Reasons to leave the banking system NOW
Commerce Bank: A Cool Culture Reduced to a 'Footprint'
Posted by Christopher Stevenson
I'm feeling a bit blue today. Why? When I woke up this morning, the first thing I read on my Google home page was that Commerce Bancorp is being acquired by Toronto-Dominion Bank (TD). It shouldn't really bother me; heck, there isn't even a Commerce Bank in Wisconsin. And I should have expected it, since former CEO Vernon Hill's indiscretions came to light. Nevertheless, it's hanging over my day the way the stench of sweaty kids and old fries looms in a McDonald's PlayPlace. But, why should I care?
I like the Commerce Bank model. Commerce is one of the few financial institutions that has broken through the white noise of financial services. They've made a name for themselves, not because of their guaranteed low rates (their rates stink) or their ability to serve all people (they advertise their crummy rates to help folks who are looking for good rates "opt-out" of their services), but because of their service culture.
They've built a culture around making banking a retail experience, calling their branches "stores." They set the standard for longer hours and their staff is cheerful (one of their hiring standards is that new hires must smile in a resting state). And they've been the focus of a Harvard Business School case study and included in Bill Taylor and Polly LaBarre's Mavericks at Work. Not many FIs can claim the amount of positive press that Commerce has earned. It's a model I wish CUs had figured out first (minus the crooked CEO, of course).
The question lingers: Will Commerce Bank lose its identity in this acquisition? It seems to me that TD would be foolish to mess with success, but you never know.

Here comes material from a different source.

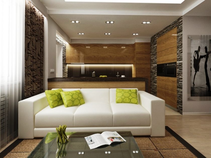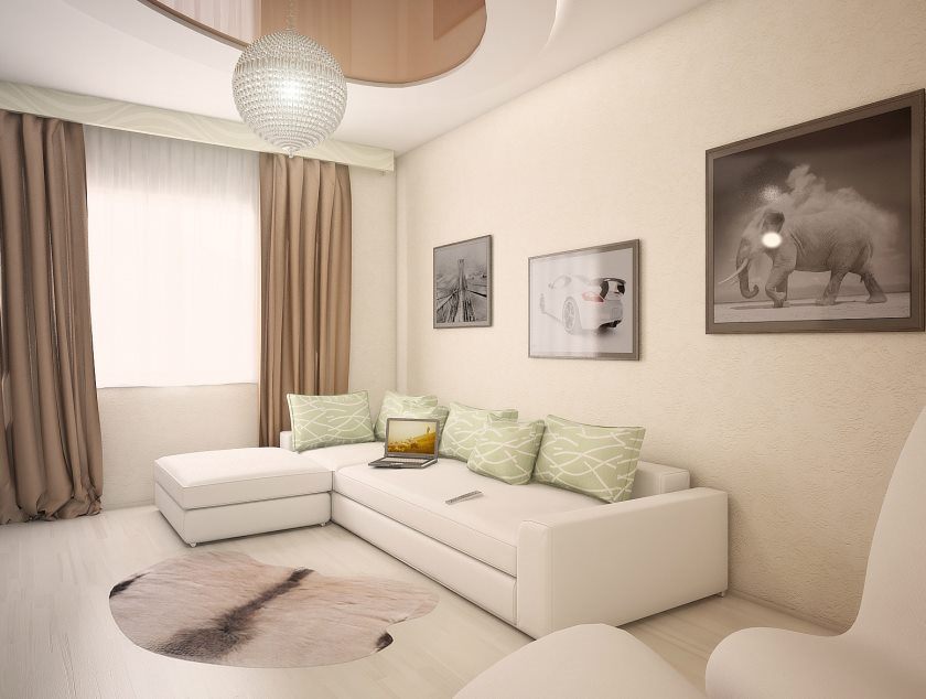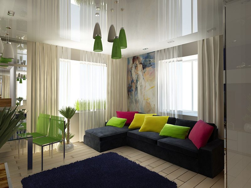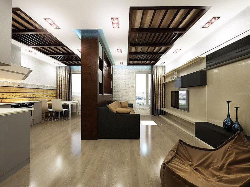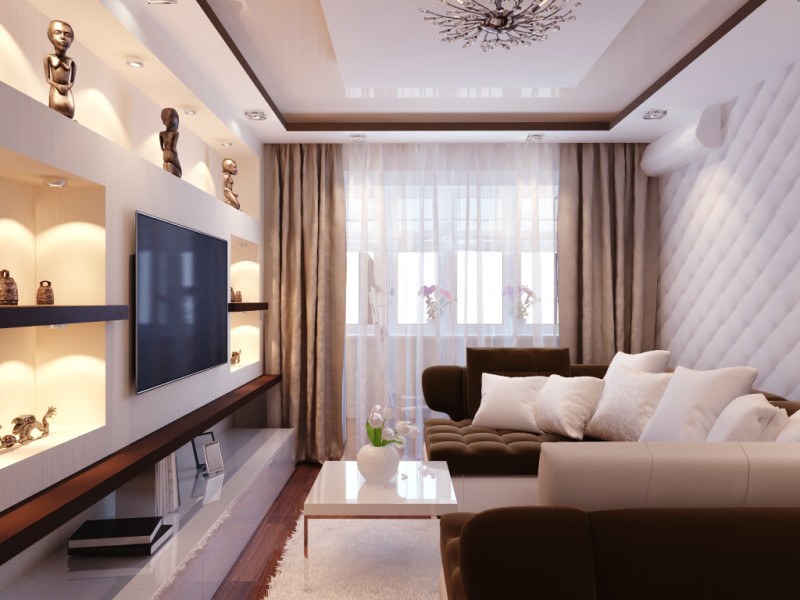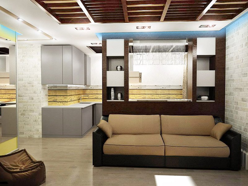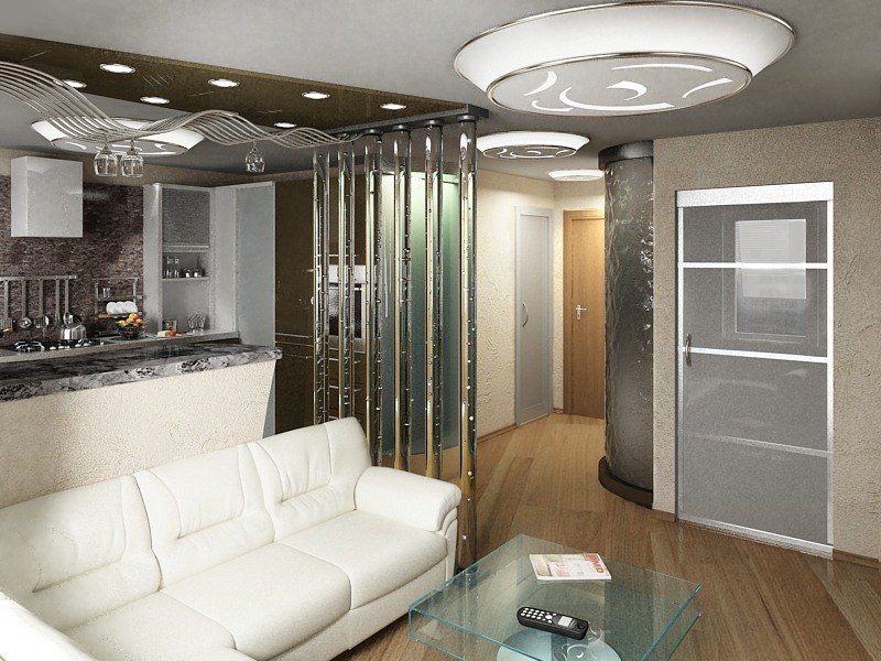 Ici, vous pouvez déjà penser à un zonage rationnel pour rendre la pièce aussi fonctionnelle que possible. Pour ce faire, utilisez des cloisons, des niches à air, des surfaces en verre ou en miroir.

How much tolerance will TD have for the radical step-child? Will Commerce become just another mediocre player? Could be.
When I read the press release, I saw nothing about Commerce's unique culture or strategy. What I saw was this:
"The combination of Commerce with TD Banknorth doubles the scale of our U.S. banking business and accelerates our transformation to a leading North American financial institution," said Ed Clark, President and Chief Executive Officer, TD Bank Financial Group. "Commerce brings an impressive geographic footprint and market share in a contiguous region and a complementary North American retail banking business model."
Size. Footprint. Market share. Doesn't seem like TD has much interest in Commerce for what made Commerce great, does it? Well, on the bright side, if Commerce goes mediocre, it's one less player standing in credit unions' way.
Hmm, my day just got a little brighter.